The system memory 504 can include at least one program product having a set (e.g., at least one) of program modules that are configured to carry out functions of the embodiments described herein. For example, the system memory 504 stores various program modules that generally carry out the functions and/or methodologies of embodiments described herein. A module or modules 512, 514 may be included to perform functions related to the block diagrams 100, 110, 300, and 400 as described previously herein. The computer system 500 is not so limited, as other modules may be included depending on the desired functionality of the computer system 500. As used herein, the term âmoduleâ refers to processing circuitry that may include an application specific integrated circuit (ASIC), an electronic circuit, a processor (shared, dedicated, or group) and memory that executes one or more software or firmware programs, a combinational logic circuit, and/or other suitable components that provide the described functionality.

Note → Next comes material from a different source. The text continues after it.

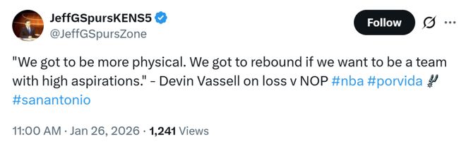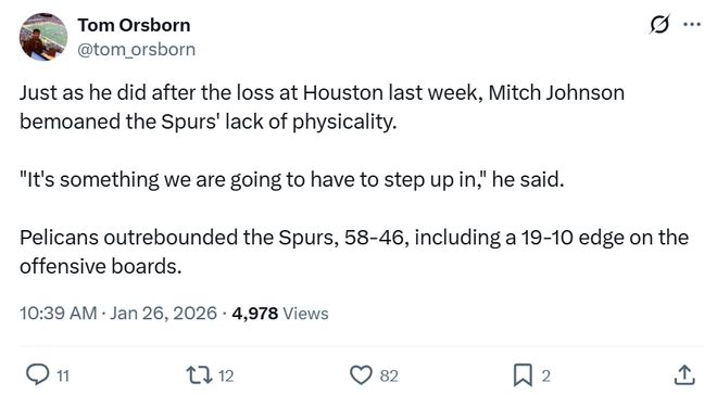或許是因?yàn)閷?duì)手鵜鶘隊(duì)實(shí)力相對(duì)有限,本賽季馬刺隊(duì)又展現(xiàn)出不俗競(jìng)爭(zhēng)力,本場(chǎng)馬刺隊(duì)的努力程度不足,尤其是在防守端。

The processing device 502 can also be configured to communicate with one or more external devices 516 such as, for example, a keyboard, a pointing device, and/or any devices (e.g., a network card, a modem, etc.) that enable the processing device 502 to communicate with one or more other computing devices. Communication with various devices can occur via Input/Output (I/O) interfaces 518 and 520.
The processing device 502 may also communicate with one or more networks 522 such as a local area network (LAN), a general wide area network (WAN), a bus network and/or a public network (e.g., the Internet) via a network adapter 524. In some embodiments, the network adapter 524 is or includes an optical network adaptor for communication over an optical network. It should be understood that although not shown, other hardware and/or software components may be used in conjunction with the computer system 500. Examples include, but are not limited to, microcode, device drivers, redundant processing units, external disk drive arrays, RAID systems, and data archival storage systems, etc.
Referring now to FIG. 6, a flowchart 600 for leveraging retrieval augmented generation over a graph neural network for edge building and the generation of reason-aware graph recommendations is generally shown according to an embodiment. The flowchart 600 is described with reference to FIGS. 1 to 5 and may include additional steps not depicted in FIG. 6. Although depicted in a particular order, the blocks depicted in FIG. 6 can be, in some embodiments, rearranged, subdivided, and/or combined.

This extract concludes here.